[Opening Data shown section]
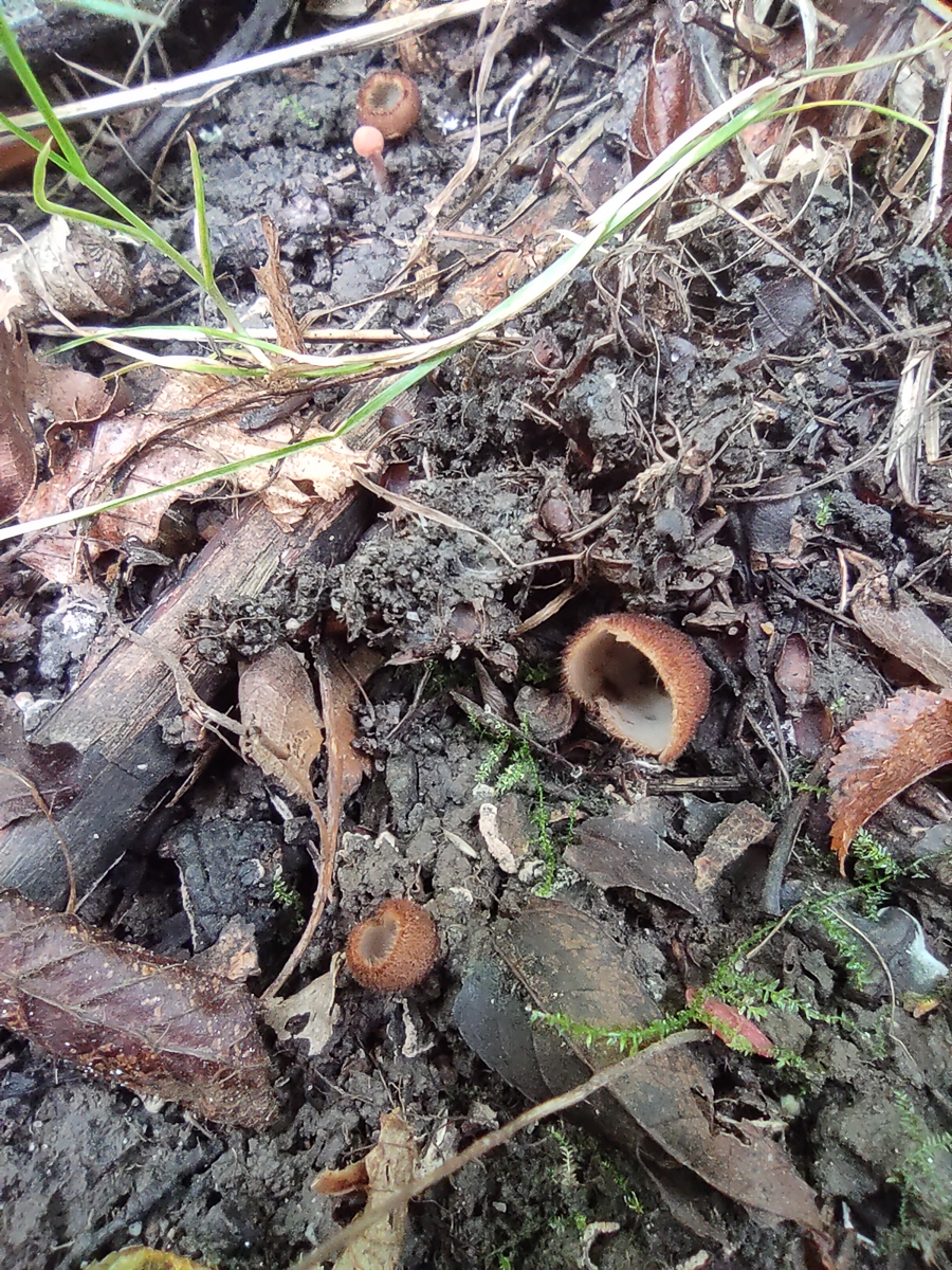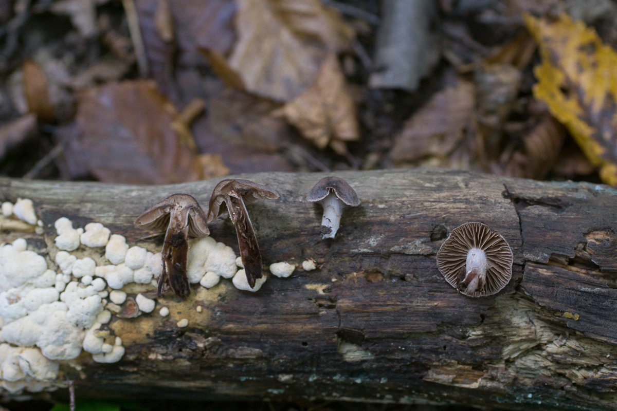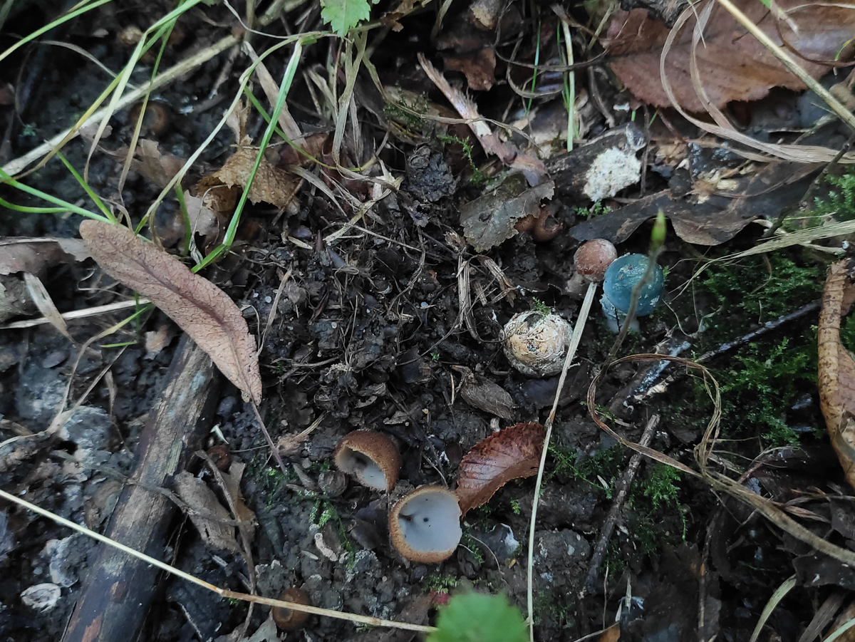 7. Auf engstem Raum, 4 Arten. Der kleine haarig-borstige Becherling war hübsch, aber den kann man makroskopisch nicht klären, oder?
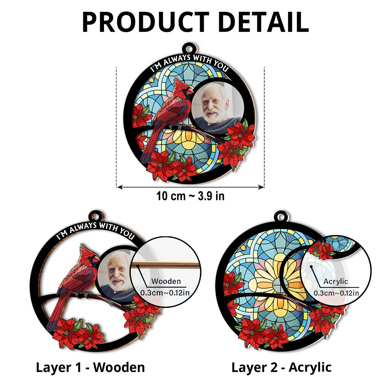 Always With You Memorial Heart - Personalized Custom Suncatcher Ornament
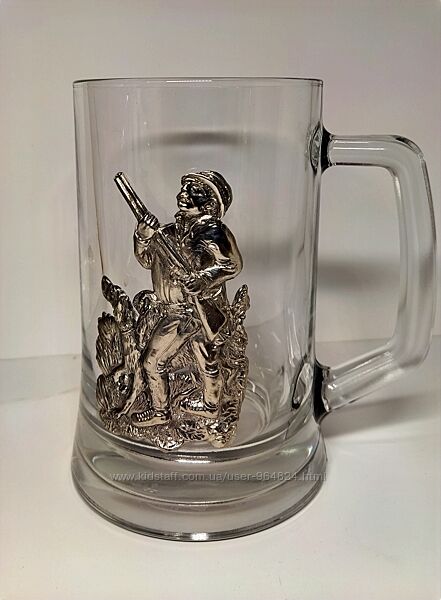 Мисливський пивний бокал з барельєфом "Мисливець з собакою" в подарунковій коробці.Бокал виготовлений із міцного скла оздоблений олов´яним барельєфом.
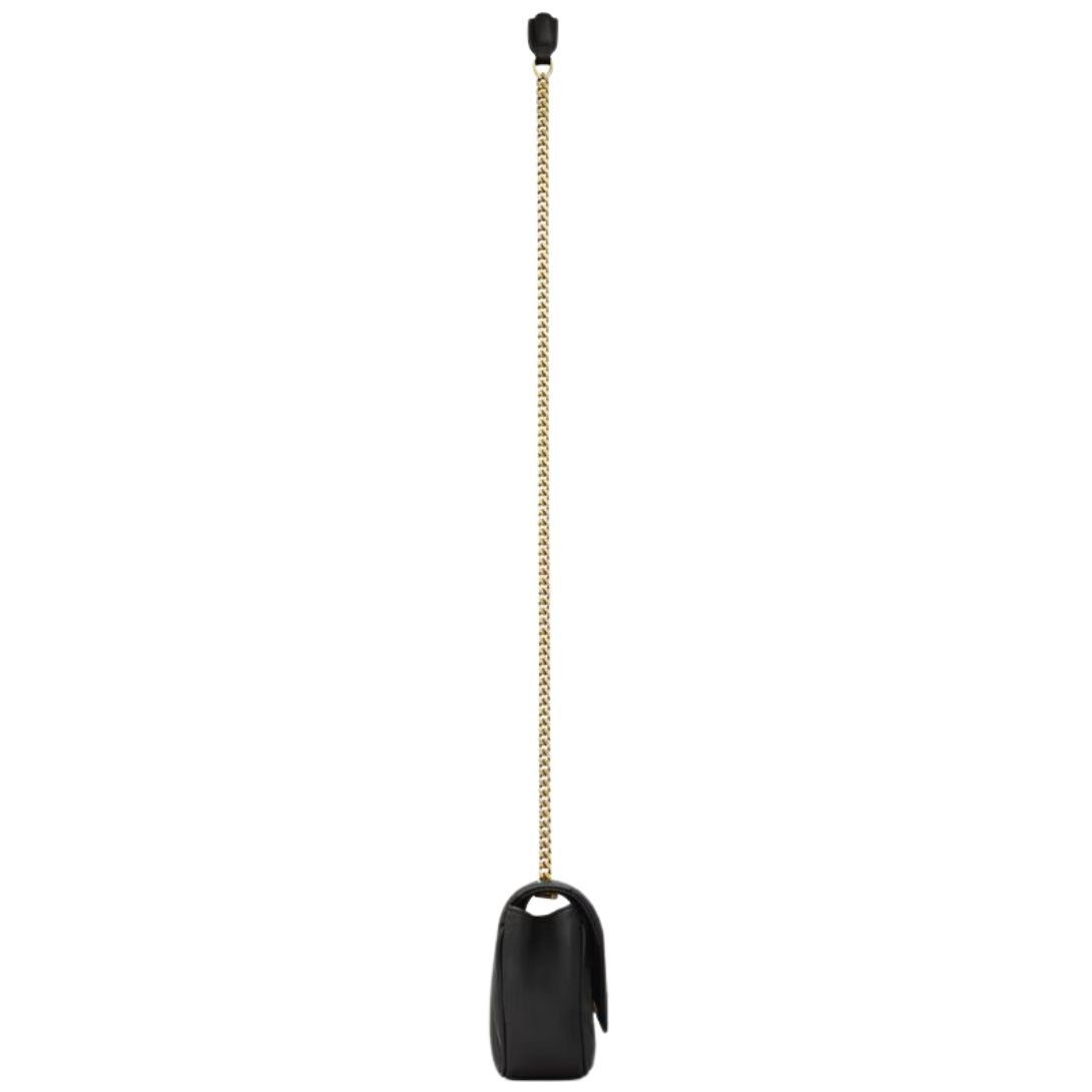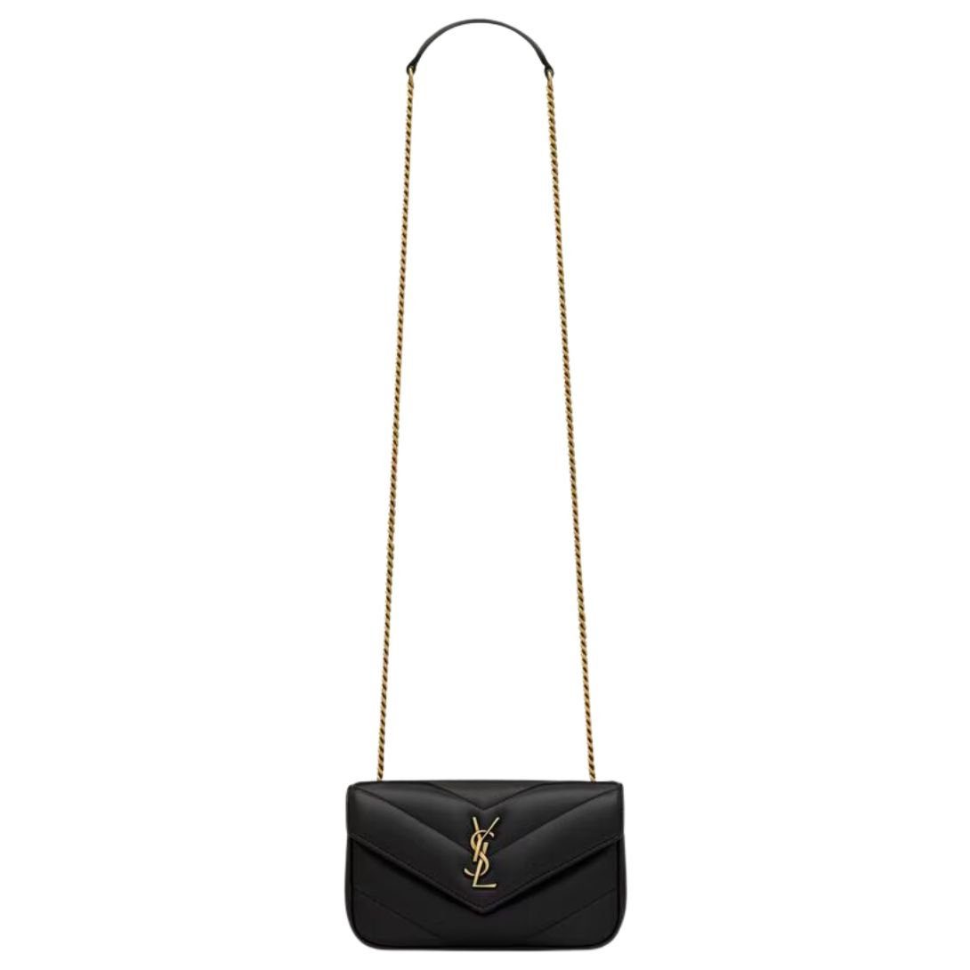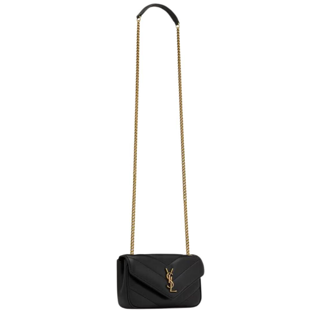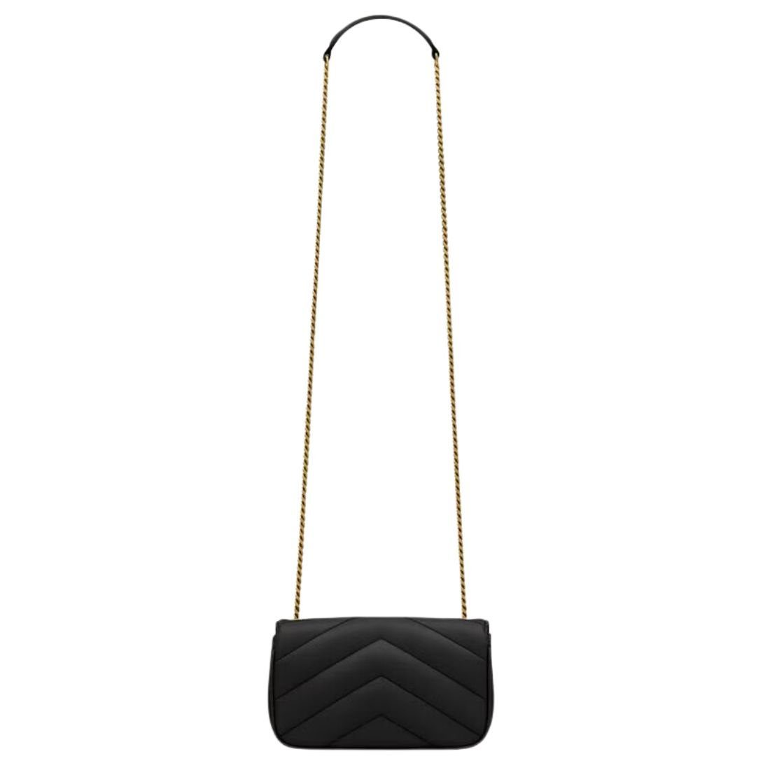 The mini version of the LOULOU chain bag is crafted from luxurious lambskin and adorned with the iconic chevron-quilted topstitching. Its compact size and lightweight design make it perfect for day-to-night wear. The bag features a removable leather pouch and a leather and chain strap, making it ideal for crossbody carry.
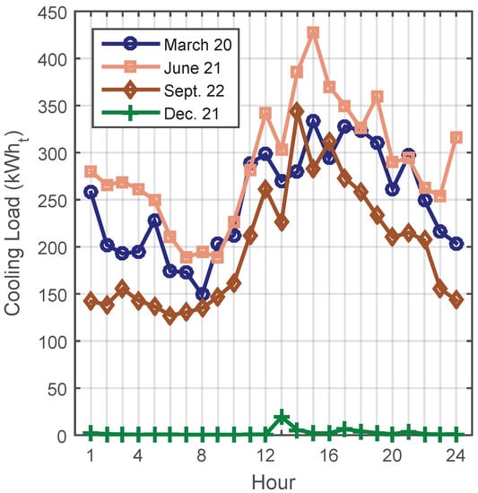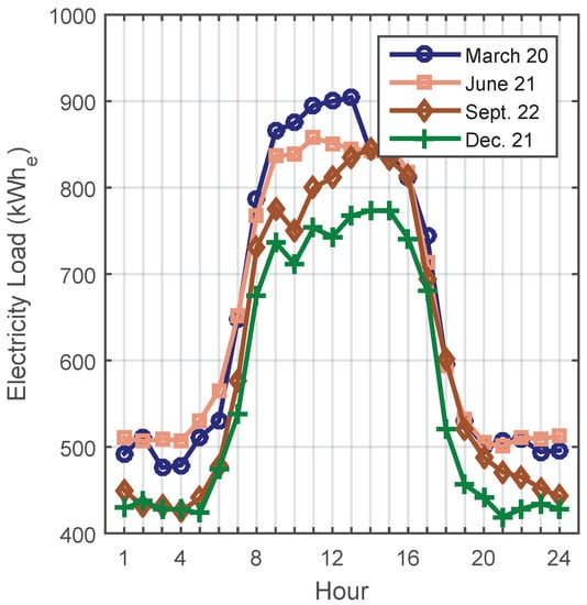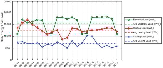 The average energy loads of the buildings comprising the proposed DES are detailed in Table 1. To obtain average energy loads representing the four example days, hourly energy data is taken from 10 preceding days and 10 subsequent days to capture typical load patterns during the time of year around that particular example day. Figure 1 shows the daily energy loads of 21 June and its 20 neighboring days to illustrate the process of obtaining data for the study. Instead of using only the actual energy data for 21 June, incorporating data from neighboring days allows for a representative energy load that includes stochastic variation in the likely energy load on such an example day, which will be discussed further in Section 2.3.1. The data represents the real energy loads in 2017 and is obtained from the university’s SkySpark installation, a building analytics platform that collects building data []. The mean and standard deviation of each set of hourly energy data are shown in the Appendix A (Table A1, Table A2 and Table A3). The average values are plotted in Figure 2, Figure 3 and Figure 4. The daily electricity load is consistent while the daily heating and cooling loads vary throughout the year. The DES is located at Salt Lake City, UT, which is part of American Society of Heating, Refrigerating and Air-Conditioning Engineers (ASHRAE) climate zone 5 (i.e., cool and dry) []. Buildings in this climate zone typically exhibit considerable heating and cooling demands in winter and summer, respectively.
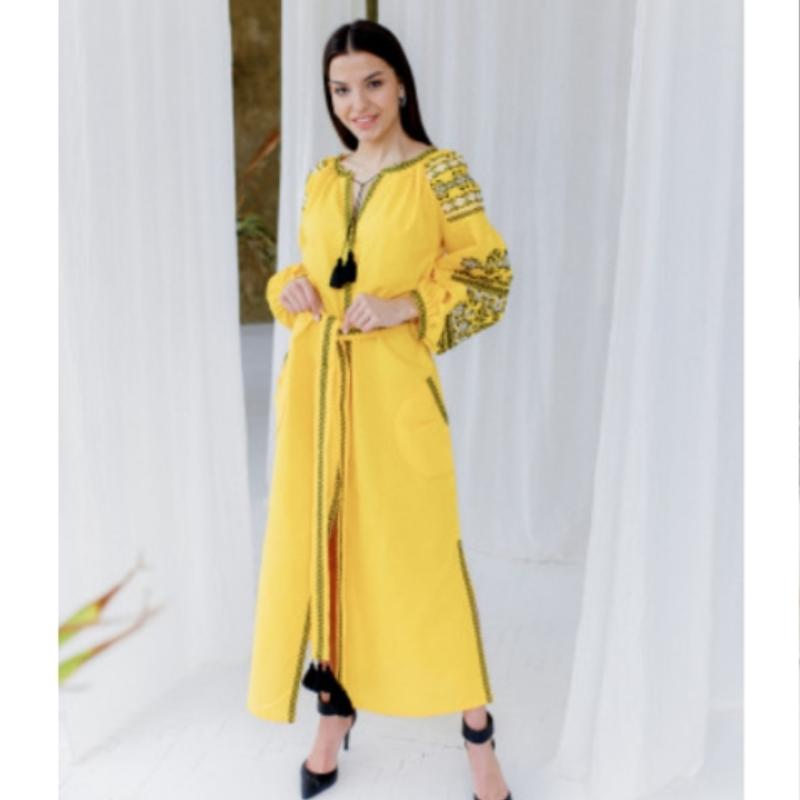 Сукня вишита на домоткнній тканині. Склад: 40% льону, 30% бавовни,30% віскози. В наявності розмір XL.
[Closing Data shown section]
== Required action ==
All of the records above are to be printed exactly, with every picture omitted.

== Answer space ==
 7. Auf engstem Raum, 4 Arten. Der kleine haarig-borstige Becherling war hübsch, aber den kann man makroskopisch nicht klären, oder?
 Always With You Memorial Heart - Personalized Custom Suncatcher Ornament
 Мисливський пивний бокал з барельєфом "Мисливець з собакою" в подарунковій коробці.Бокал виготовлений із міцного скла оздоблений олов´яним барельєфом.
 The mini version of the LOULOU chain bag is crafted from luxurious lambskin and adorned with the iconic chevron-quilted topstitching. Its compact size and lightweight design make it perfect for day-to-night wear. The bag features a removable leather pouch and a leather and chain strap, making it ideal for crossbody carry.
 The average energy loads of the buildings comprising the proposed DES are detailed in Table 1. To obtain average energy loads representing the four example days, hourly energy data is taken from 10 preceding days and 10 subsequent days to capture typical load patterns during the time of year around that particular example day. Figure 1 shows the daily energy loads of 21 June and its 20 neighboring days to illustrate the process of obtaining data for the study. Instead of using only the actual energy data for 21 June, incorporating data from neighboring days allows for a representative energy load that includes stochastic variation in the likely energy load on such an example day, which will be discussed further in Section 2.3.1. The data represents the real energy loads in 2017 and is obtained from the university’s SkySpark installation, a building analytics platform that collects building data []. The mean and standard deviation of each set of hourly energy data are shown in the Appendix A (Table A1, Table A2 and Table A3). The average values are plotted in Figure 2, Figure 3 and Figure 4. The daily electricity load is consistent while the daily heating and cooling loads vary throughout the year. The DES is located at Salt Lake City, UT, which is part of American Society of Heating, Refrigerating and Air-Conditioning Engineers (ASHRAE) climate zone 5 (i.e., cool and dry) []. Buildings in this climate zone typically exhibit considerable heating and cooling demands in winter and summer, respectively.
 Сукня вишита на домоткнній тканині. Склад: 40% льону, 30% бавовни,30% віскози. В наявності розмір XL.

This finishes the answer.